接下來的時間裡,宜雪沒有繼續上陣廝殺,而是暫時休息起來,趙引則率領五萬大軍協助宜雪剩下的人馬作戰,因爲大軍初至,戰意正旺,一時倒是略微扳回了戰局,傷亡減少了。
當然,趙引的才智,的確是超出宜雪的,宜雪指揮了許久,也不過是被動地守城,甚至參戰。
輪到趙引指揮了,他總能以敏銳的眼光,發現敵軍的弱點所在,每每敵軍的攻擊出現某一處微弱下去的機會,他都會痛打落水狗,將那一方面的敵軍的攻勢,狠狠地壓制了下去。
關注着趙引的戰術,宜雪不得不承認,自己比之趙引差得很遠,難怪王特別喜歡用趙引打仗。
有了趙引的戰術,王朝大軍的士氣很快就被提了起來,戰局也逐漸好轉,很快就僵持不下了。

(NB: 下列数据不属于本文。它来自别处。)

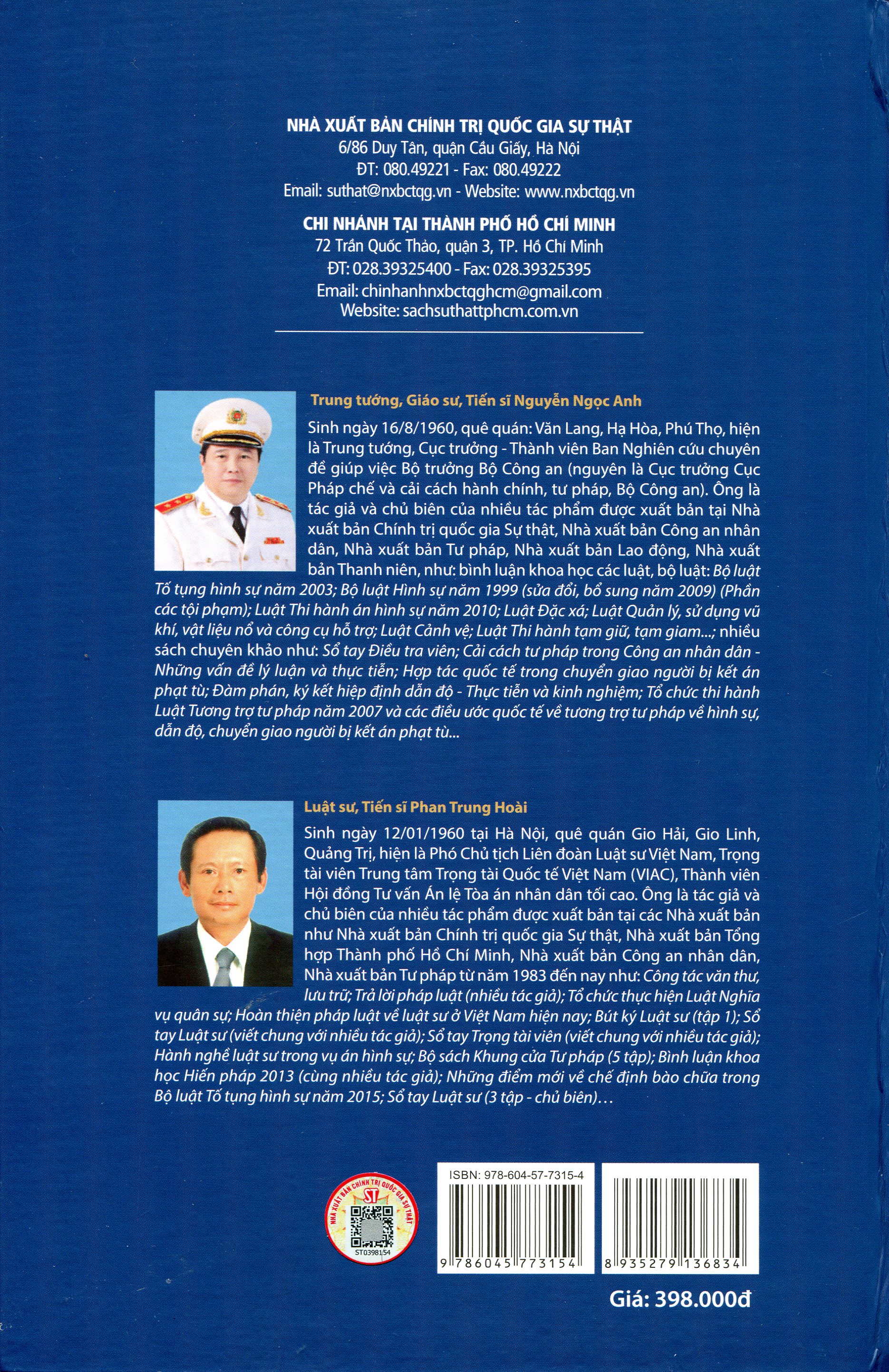 Hỏi - đáp luật tố tụng hình sự năm 2015 Tác giả: TS Phạm Thị Thoa - Học viện cảnh sát nhân dân (Chủ biên) NXB công an nhân dân  Khổ 14,5 x 20,5 cm,

趙引前往意城,鄭山河與清明二人,則選擇了返回封城面見凡真覆命,倒也是速度極快。
鄭山河見過凡真之後,就被派往前線戰鬥了,他的武功不低,更是上將,理應英勇戰鬥。
存亡之秋,除了任務特殊的鄭道夫婦之外,但凡被分派給凡真的將領,基本全部都上陣了。
“清明,你可曾見過趙引,可曾瞭解到王的意思。”凡真的心中,石頭其實已經落地了。
從得到趙引兵援助意城的消息的那一刻,凡真就已經心中有底了,但他還是擔心一件事,就是那費笑言的存在,他很清楚一個事實,他固然有着與費笑言一戰的能力,卻沒有相應的強大軍隊,若是費笑言親自來了,縱然他是守城,也未必能守住,所以他希望知道黃胤的後招。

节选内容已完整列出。